Keeping track will not only prevent a loss of data (for example, by restricting access to those who no longer need it) but it may also help diagnose what went wrong in the event of data loss.

跟踪不仅可以防止数据丢失(例如,通过限制不再需要数据的人员访问数据),而且还可以帮助诊断在数据丢失的情况下出了什么问题。

不对密码进行硬编码 (Do Not Hardcode Passwords)

Do not, I repeat, do not hardcode passwords. Not once, not briefly, not internally, never. Even though the risk of hardcoding is limited when you implement the previous steps mentioned (i.e. 2FA, IP restriction), there is a big chance you didn’t and it will likely backfire. It often goes like this:

我重复一遍,不要密码进行硬编码。 没有一次,不是短暂的,不是内部的,永远不会。 尽管在实施上述步骤(例如2FA,IP限制)时硬编码的风险受到限制,但您没有这样做的机会很大,并且很可能适得其反。 它通常是这样的:

  1. Coder hardcodes database passwords because it’s easier. Currently, there is no risk because it’s only for internal use and will be removed later.

    编码器对数据库密码进行硬编码,因为它更容易。 目前,没有任何风险,因为它仅供内部使用,以后将被删除。
  2. Coder forgets to remove it.

    编码器忘记删除它。
  3. The code ends up on a private Github or some webscript

    该代码最终出现在私有的Github或某些Web脚本上
  4. A crawler picks it up

    爬虫捡起它
  5. Chaos ensues…

    混乱接…而至……

I am lucky to have never experienced this myself, but I have heard plenty of stories.

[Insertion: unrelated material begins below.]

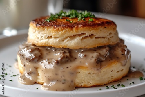 Flaky biscuit with creamy sausage gravy close-up high resolution image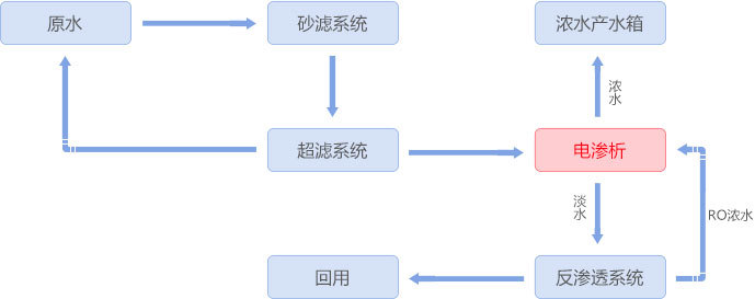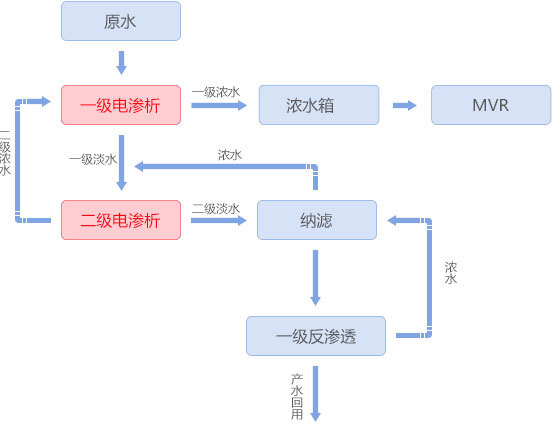 稀土氧化物催化劑生產(chǎn)過程中會產(chǎn)生大量3-5%硝酸鈉廢水,采用均相膜電滲析裝置將硝酸鈉濃縮到20%以上進(jìn)入蒸發(fā)系統(tǒng),淡水經(jīng)反滲透處理后回用。該均相膜電滲析產(chǎn)品解決了異相膜和部分進(jìn)口均相膜濃縮倍數(shù)不高、不耐金屬離子污染的問題,同時(shí)實(shí)現(xiàn)含硝酸鈉廢水零排放及資源化利用。

There is however one good thing to hard coding passwords though: you will only need to do it once. Because once a crawler picks it up and wreaks havoc on your database/cloud instance/web server, you are unlikely to repeat your mistake.

我很幸运从未经历过这种情况,但是我听到了很多故事。 但是,对密码进行硬编码是一件好事:您只需要做一次。 因为一旦搜寻器将其捡起并对数据库/云实例/ Web服务器造成严重破坏,那么您就不太可能重蹈覆辙。

了解风险 (Understand The Risk)

For the last part, I will be a bit less strict. When it comes to security, it’s all about understanding the risk. Of course, ideally, you would implement all these measures and much more, but it might not be worth the effort. You need to distinguish between a simple personal project and a script for a big client with confidential data. The risk should match the measures and one can better overestimate the risk than underestimate them.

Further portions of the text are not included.